Les médicaments concernés sont souvent les plus anciens et donc les moins rentables
En France, 60% des molécules en tension sont des médicaments anciens indique un rapport parlementaire. Leur fabrication est moins juteuse que celle des blockbusters. Il y a donc souvent très peu de concurrence pour les proposer. Aux États-Unis, 40% des génériques ont un producteur unique, il suffit donc d’un problème dans une usine pour affecter le marché mondial du produit. En France, où le prix du médicament est contrôlé par l’État, les laboratoires se plaignent d’une rémunération trop faible pour motiver des efforts supplémentaires. En ce moment, les grands laboratoires investissent massivement dans la recherche d’un remède à l’obésité. Le marché est estimé à 50 milliards de dollars. Ce type de molécule pourrait être la nouvelle vache à lait de l’industrie pharmaceutique, comme l’ont été les traitements pour l’hypertension dans le passé. Le modèle économique de cette industrie l’incline à privilégier les blockbusters aux détriments de la pharmacopée de base.
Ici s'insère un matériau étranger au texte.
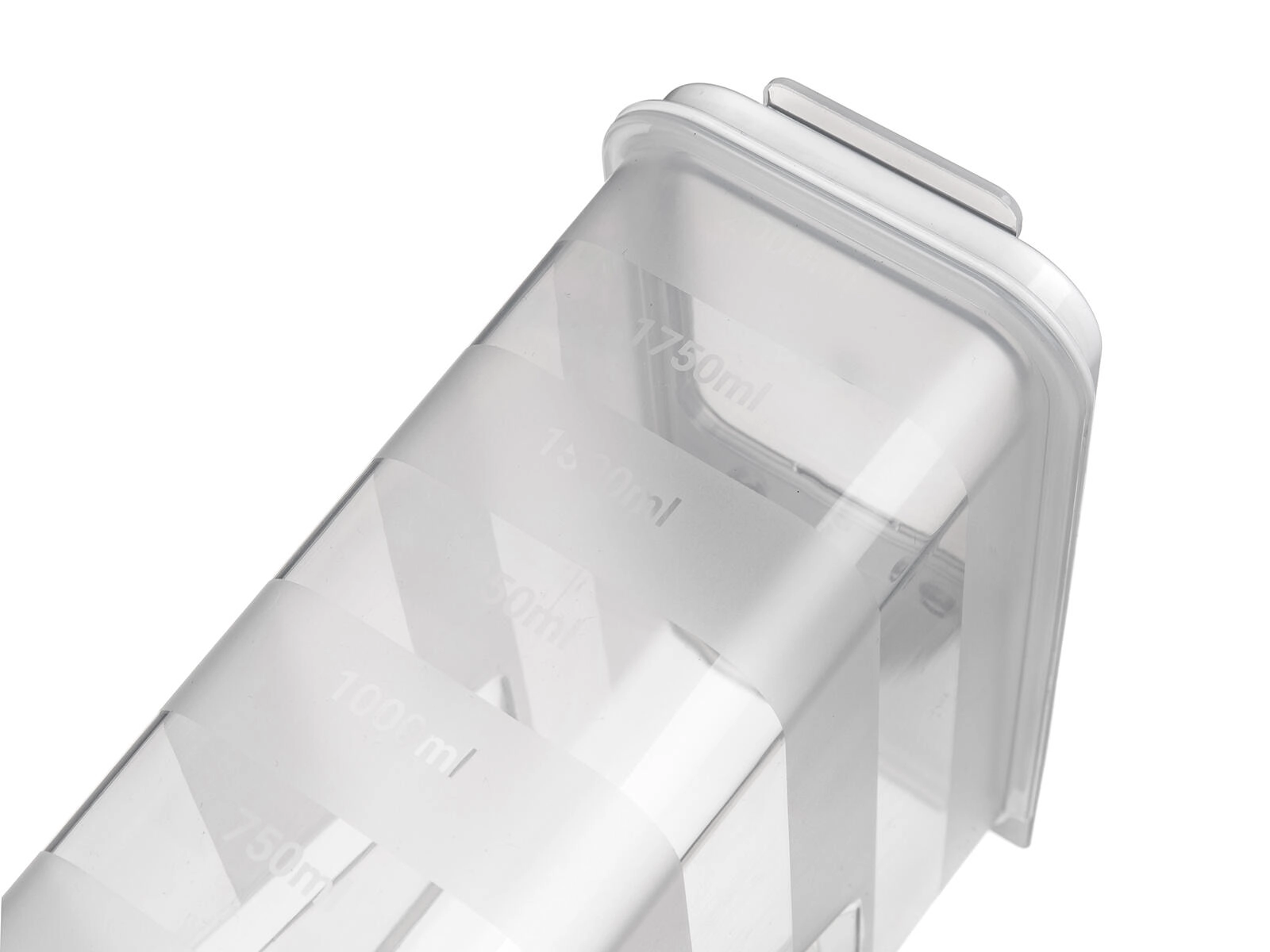 Vgrajene merilne oznake v koraku 250 ml olajšajo natančno doziranje in nadzor zalog. Posoda je primerna za shranjevanje testenin, stročnic, riža, moke, sladkorja in drugih suhih živil. Zaradi kompaktne pravokotne oblike se dobro prilega policam in se zlahka kombinira z drugimi organizatorji.
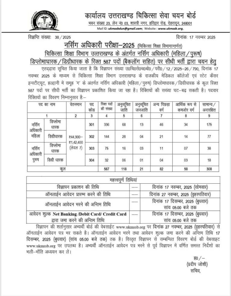 राज्य में बुनियादी स्वास्थ्य सेवाओं की मजबूती के लिये राज्य सरकार निरन्तर प्रयासरत है। इसी कड़ी में आज चिकित्सा शिक्षा विभाग के अंतर्गत संचालित राजकीय मेडिकल कालेजों में नर्सिंग अधिकारियों के रिक्त 587 पदों पर भर्ती प्रक्रिया शुरू कर दी गई है।राज्य चिकित्सा सेवा चयन बोर्ड ने उक्त रिक्त पदों पर सीधी भर्ती के लिये विज्ञापन जारी कर दिया है। उक्त भर्ती हेतु ऑनलाइन आवेदन की प्रक्रिया 27 नवम्बर से शुरू होगी जबकि आवेदन की अंतिम 17 दिसम्बर 2025 निर्धारित की गई है।
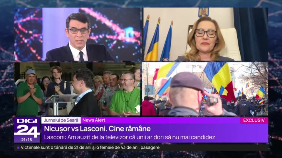 Elena Lasconi 2025-01-23 19:00:54: 0 By stirilenationale on January 23, 2025 Social Media Distribuie Facebook Twitter Email WhatsApp Sunt în direct la Digi24, la „Jurnalul de Seară” [fb_vid id=”2002798216895012″] Citește mai multe pe: https://www.facebook.com/100057026456960/posts/2002798216895012 Similar Articles TEST Bolojan îl contrazice pe Grindeanu privind disponibilizările de la CJ Bihor: Din 50 de angajați care au contestat au câștigat doi / Erau 194 de posturi în organigramă, din care 174 efectiv ocupate, au rămas 88 de angajați Related

Pour remédier à ces pénuries, le gouvernement français encourage la relocalisation de l’industrie
Les vertus de la souveraineté sanitaire sont redevenues d’actualité avec la pandémie. Cette ambition est coûteuse et longue à mettre en œuvre. Il faut que les laboratoires s’y prêtent et que les territoires soient prêts à accueillir des usines réputées polluantes. Il faut aussi que les pouvoirs publics soient prêts à mieux rémunérer certains médicaments. Si le marché ne parvient pas à satisfaire la demande, faut-il envisager la création d’une industrie publique du médicament ? C’est ce que préconise l’Observatoire de la transparence dans les politiques du médicament.